The data being used in this case study can be found here: https://www.kaggle.com/datasets/arashnic/fitbit. The data is stored and uploaded in R Studio. This Kaggle data set contains personal fitness tracker from thirty fitbit users. Thirty eligible Fitbit users consented to the submission of personal tracker data, including minute-level output for physical activity, heart rate, and sleep monitoring. It includes information about daily activity, steps, and heart rate that can be used to explore users’ habits. The data set contains 18 CSV files organized in long format.

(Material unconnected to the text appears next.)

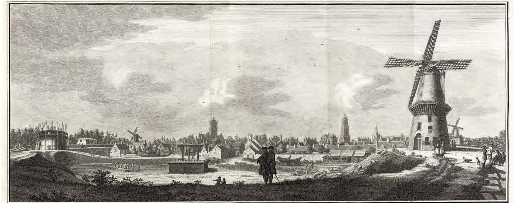
De Stad UTRECHT, van het Paardenveld te zien.

Whether the dataset follows the ROCCC Analysis as mentioned below:
Reliability - LOW: The data comes from 30 fitbit users who consented to the submission of personal tracker data, including minute-level output for physical activity, heart rate, and sleep monitoring.

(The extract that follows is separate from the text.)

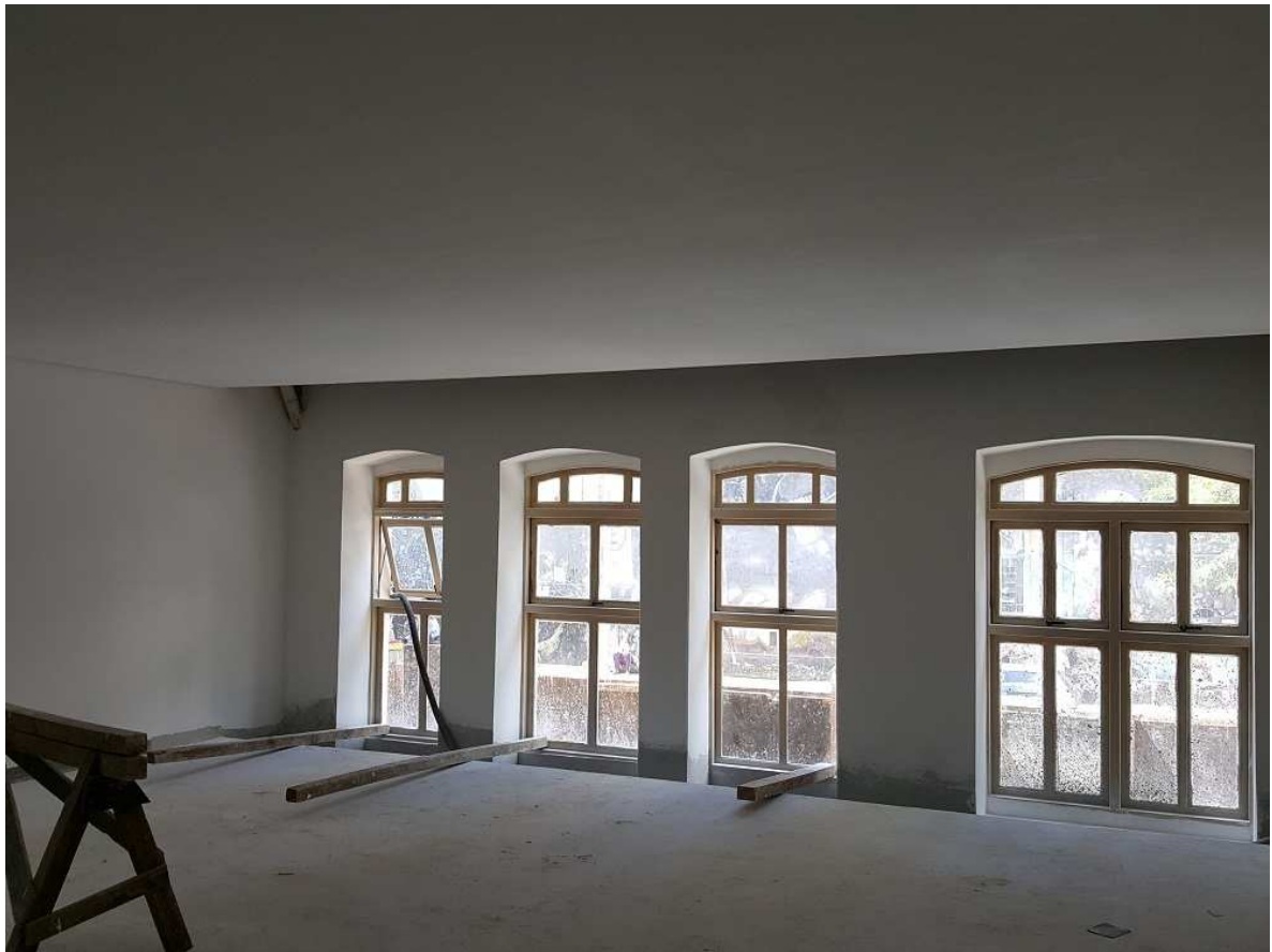
7. Pintura – Paredes, forro e esquadrias de madeira – Piso 3 da Oficina Christiano Ottoni

Original - LOW: Third party data collect using Amazon Mechanical Turk.
Comprehensive - MED: The dataset contains multiple fields on daily activity intensity, calories used, daily steps taken, daily sleep time and weight record.
Current - LOW: This data is from March 2016 through May 2016. The data is not current, meaning that user habits may have changed over the years.
Cited - LOW: Data was collected from a third party, therefore unknown.
install.packages("tidyverse")
library ("tidyverse")
Importing the datasets
activity <- read.csv("C:/Users/HP/OneDrive/Desktop/Capstone/mturkfitbit_export_4.12.16-5.12.16/Fitabase Data 4.12.16-5.12.16/dailyActivity_merged.csv")
calories <- read.csv("C:/Users/HP/OneDrive/Desktop/Capstone/mturkfitbit_export_4.12.16-5.12.16/Fitabase Data 4.12.16-5.12.16/hourlyCalories_merged.csv")
intensity <- read.csv("C:/Users/HP/OneDrive/Desktop/Capstone/mturkfitbit_export_4.12.16-5.12.16/Fitabase Data 4.12.16-5.12.16/hourlyIntensities_merged.csv")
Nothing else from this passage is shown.